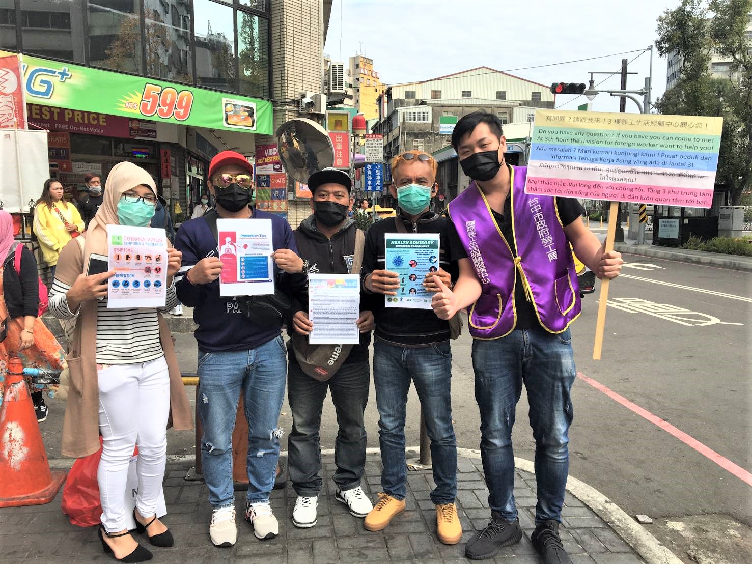 勞工局指出,為加強在台移工宣導防疫安全,該局及國際移工生活照顧服務中心於春節期間,已主動至移工較常出入之公共場所如東協廣場等處,關懷及宣導移工留意相關防疫資訊,也將多國語言(含英文、印尼文、越南文、泰文)的防疫注意事項,置於勞工局網站(https://www.labor.taichung.gov.tw/1460493/post)及東協移工四國臉書諮詢專頁供下載運用,並函請仲介公(協)會及各大工商團體,提醒雇主應落實移工防疫措施,並轉知防疫資訊。(2/5*7)*勞工局
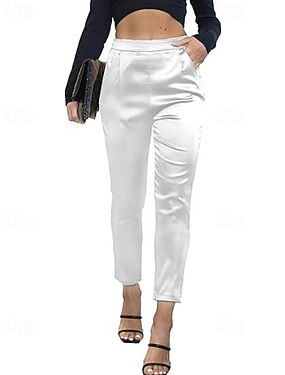 女性用 サテンパンツ ワイドレッグ テーパードパンツ チノパン エレガント ストリートファッション カジュアル 全長 ミディアムウエスト 平織り ポケット 弾性ウエスト 快適 伸縮性なし マイクロエラスティック アウトドア バケーション フォーマル アプリコット ブラック ホワイト ダークレッド 夏 春 秋 冬 ルーズフィット
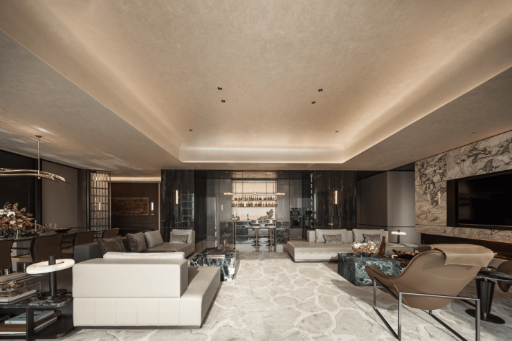 长桌石材深沉的纹理,在餐厅内映衬着波浪形吊灯,光影在金属与石面间流转。暮色下,餐椅围合出附有礼序的交流场域,光线沿着窗边柜体,映照出餐叙时刻的暖意。
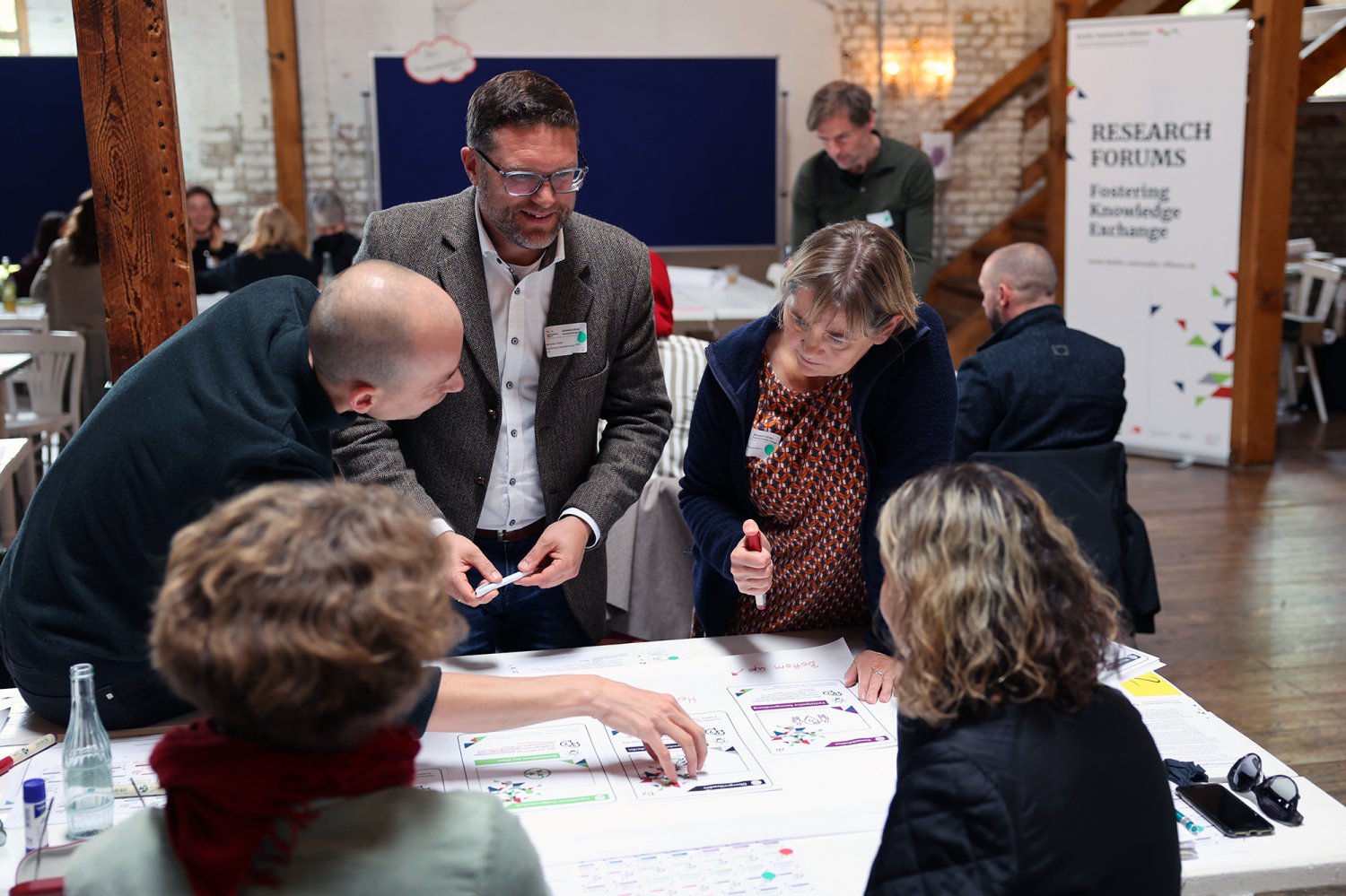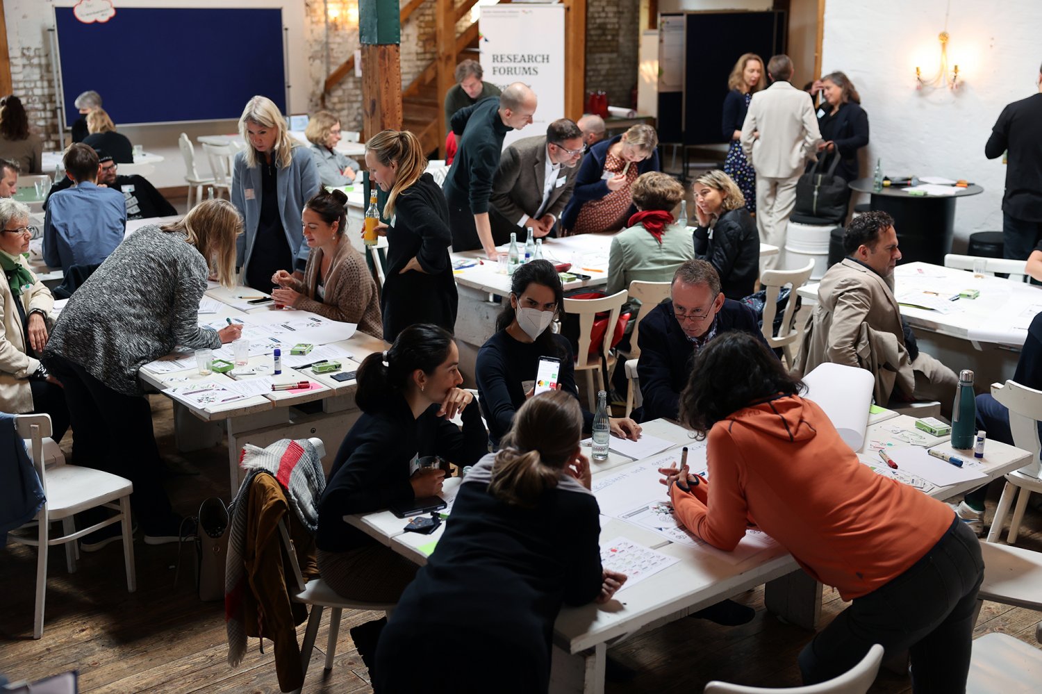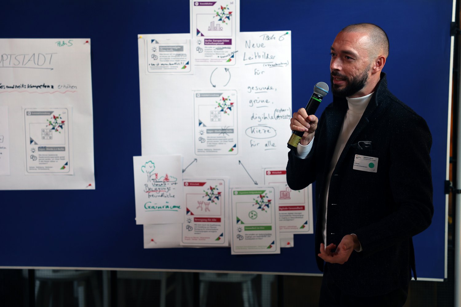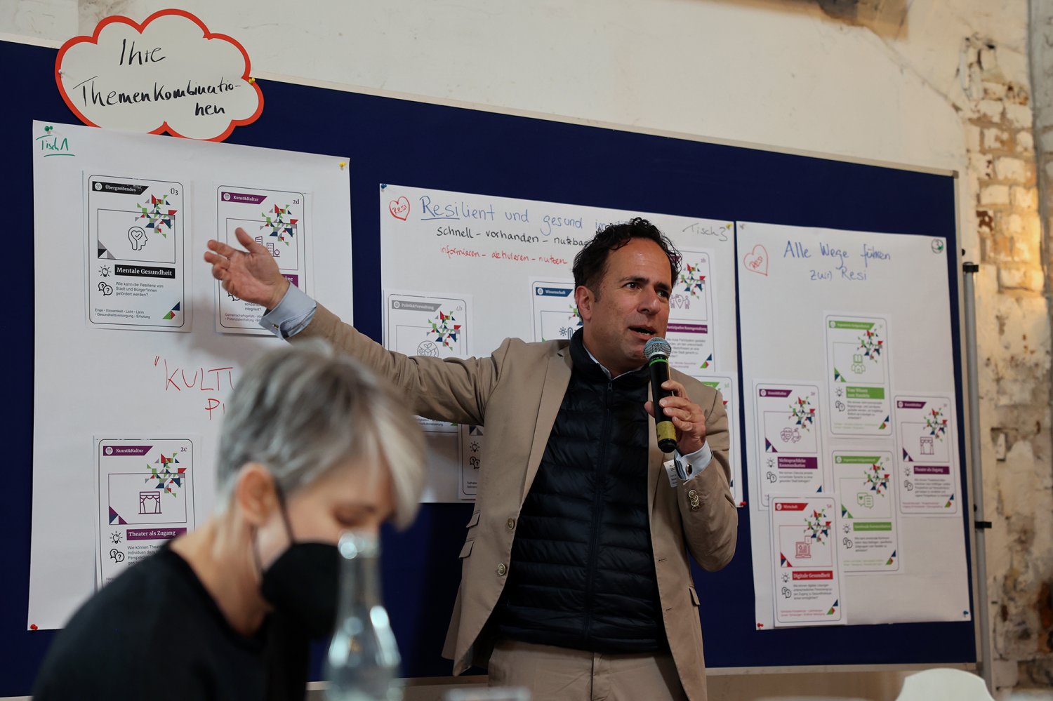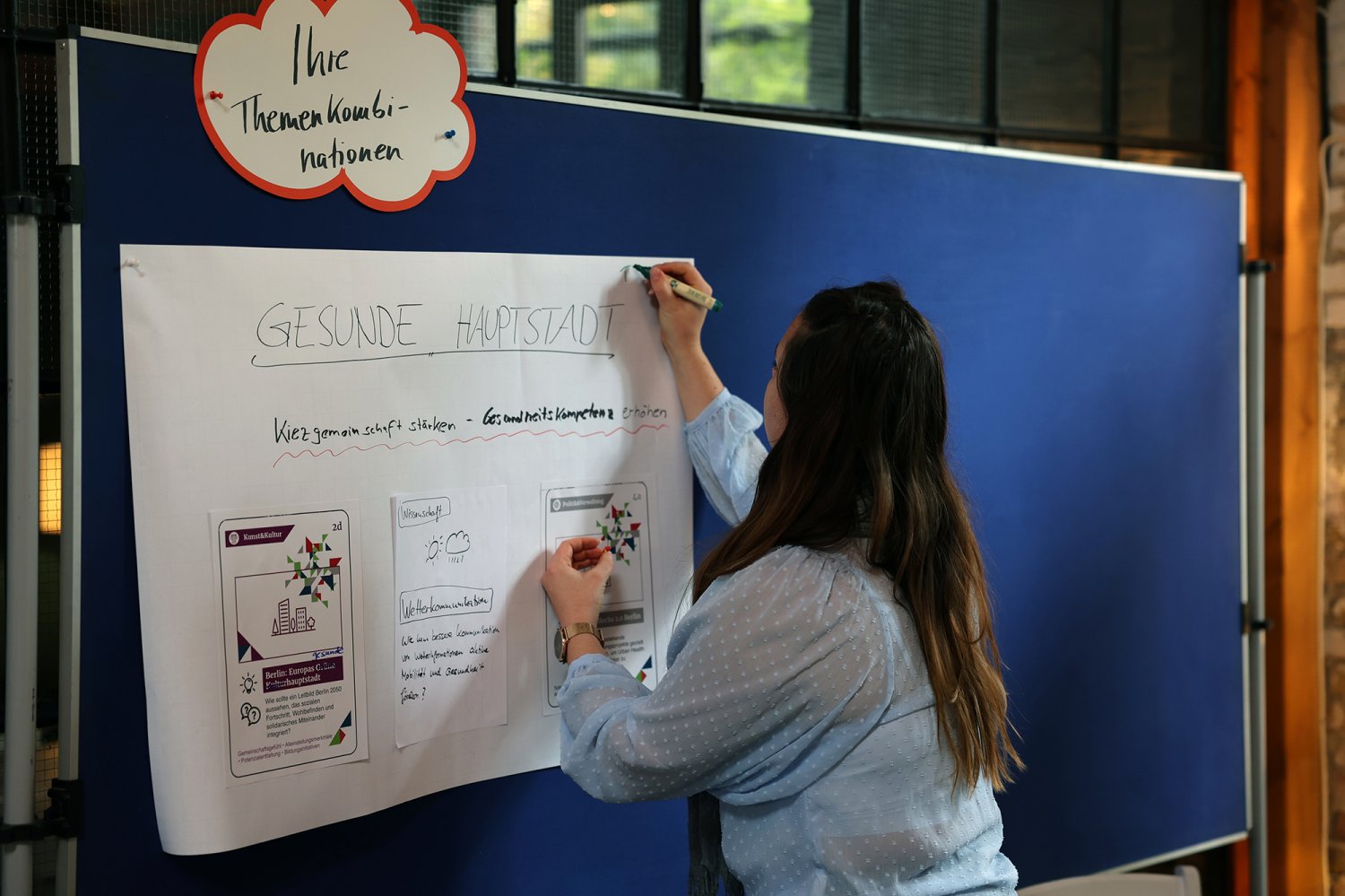 Endlich war es soweit: Nachdem im Juni bereits in fünf Themensprints Vertreter*innen aus den Bereichen Kunst & Kultur, organisierte Zivilgesellschaft, Politik & Verwaltung, Wirtschaft sowie Wissenschaft die aus ihrer jeweils bereichsspezifischen Perspektive drängenden Herausforderungen von Urban Health in Berlin definiert haben, lernten sich am 28. September 2022 alle Vertreter*innen der fünf Bereiche auf dem ‚Markt der Themen‘ kennen. Nicht nur die Teilnehmenden lernten sich kennen – was ein wesentliches Ziel der Themenwerkstätten ist – sondern sie lernten nun auch ihre Ergebnisse aus den jeweiligen Themensprints kennen. Insgesamt 18 Herausforderungen und erste Lösungsansätze für Urban Health in Berlin wurden in den Themensprints formuliert, die in das Kartenset Urban Health mündeten.
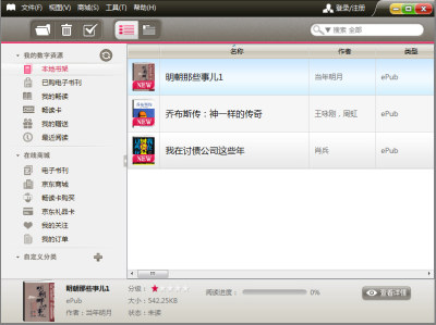 内置京东电子书刊频道,提供丰富的免费与付费内容,这些内容可直接下载到LeBook客户端
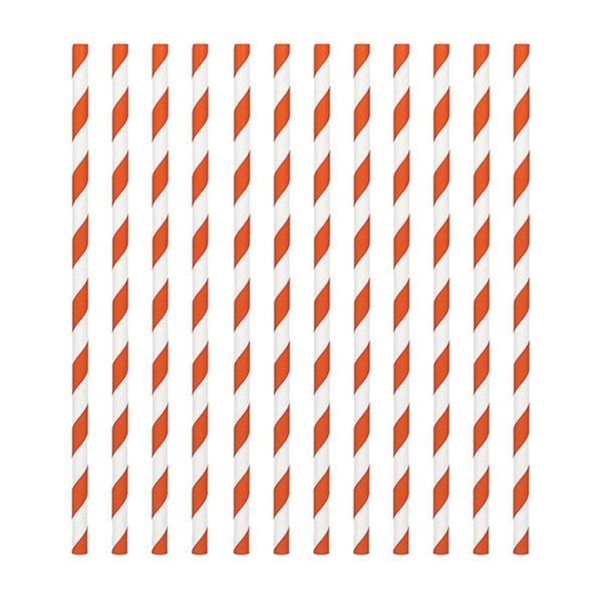 Orange Candy Stripe Paper Straws - Pack of 24
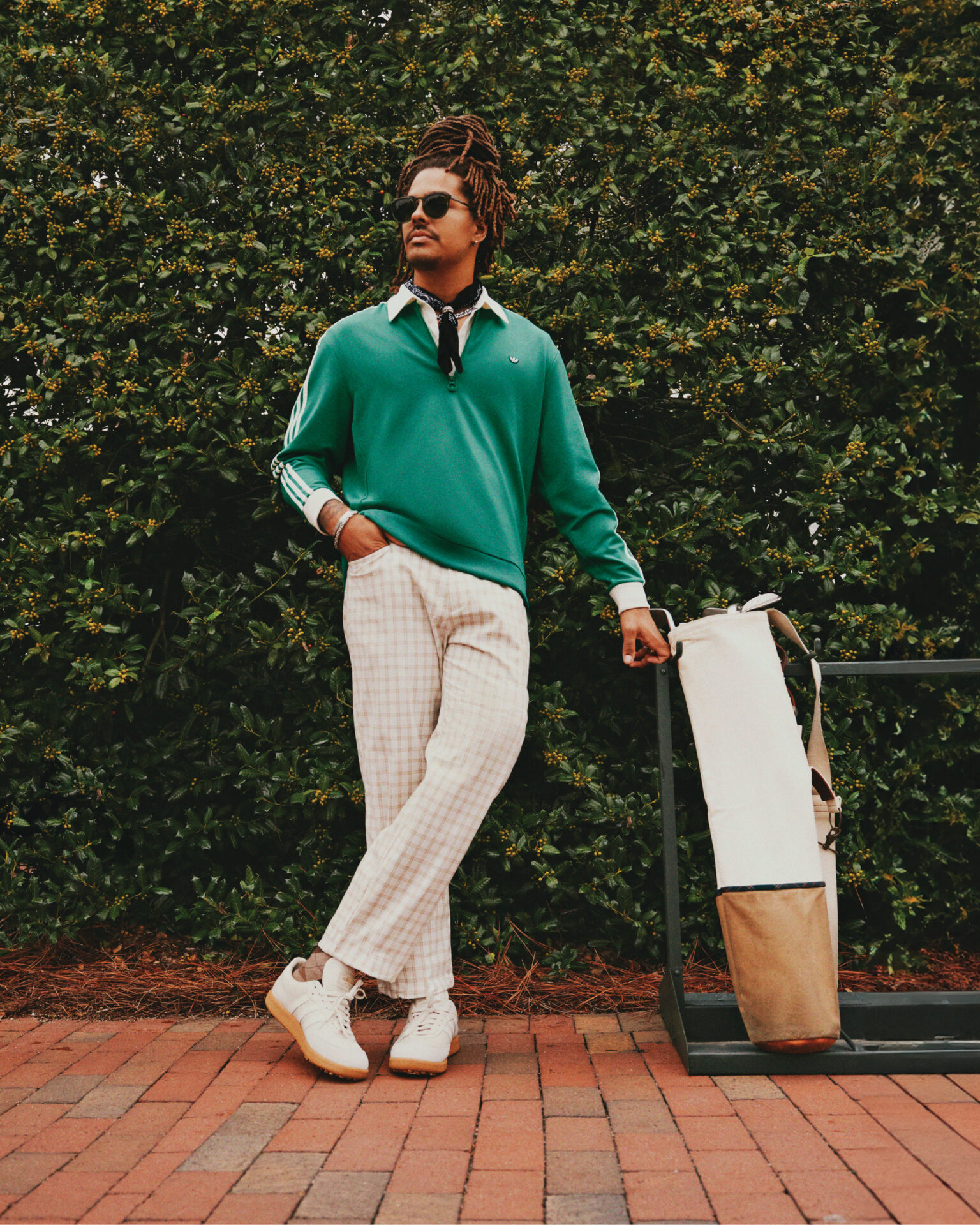 The range will also feature a Solid Polo with 3-button placket and contrast color tipping in the collar; an Originals Archive Pocket Polo that’s mercerized to make the cotton fabric more lustrous and brighter in color; a pleated pant with sewn-on 3-Stripe detail and our Originals Archive Plaid Pant that features a center fold press inspired by the icons of the past.
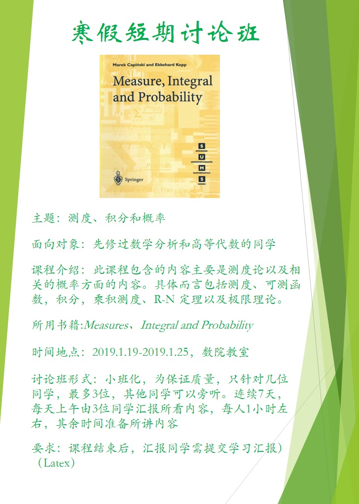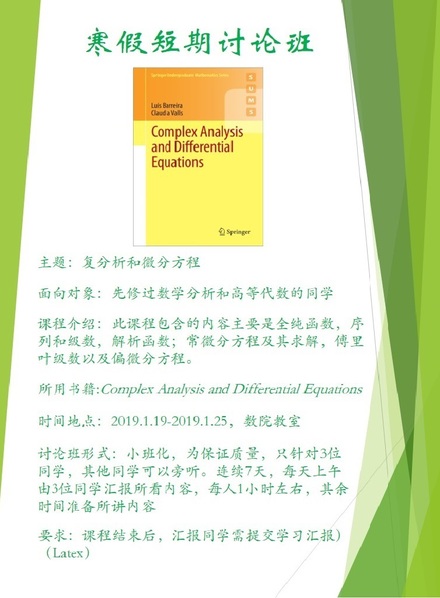 “万哲先数学实验班”寒假短期讨论班的通知
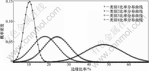 区域中的边缘比率能够从一定程度上反映物体的轮廓。为了说明这点,本文针对文献[14]中的数据库进行统计。统计时,将整张图像视为检测区域,计算包含人体轮廓图像中4类边缘所占的比重。图7所示为了统计结果,为了便于观察,对每一类边缘用正态分布进行拟合。

# INSTRUCTIONS FOR THE TASK
Lines before the one containing "The range will" are not wanted; write out that line and every later line through the end of the data above, exactly, without pictures.

# TASK SOLUTION
 The range will also feature a Solid Polo with 3-button placket and contrast color tipping in the collar; an Originals Archive Pocket Polo that’s mercerized to make the cotton fabric more lustrous and brighter in color; a pleated pant with sewn-on 3-Stripe detail and our Originals Archive Plaid Pant that features a center fold press inspired by the icons of the past.
 “万哲先数学实验班”寒假短期讨论班的通知
 区域中的边缘比率能够从一定程度上反映物体的轮廓。为了说明这点,本文针对文献[14]中的数据库进行统计。统计时,将整张图像视为检测区域,计算包含人体轮廓图像中4类边缘所占的比重。图7所示为了统计结果,为了便于观察,对每一类边缘用正态分布进行拟合。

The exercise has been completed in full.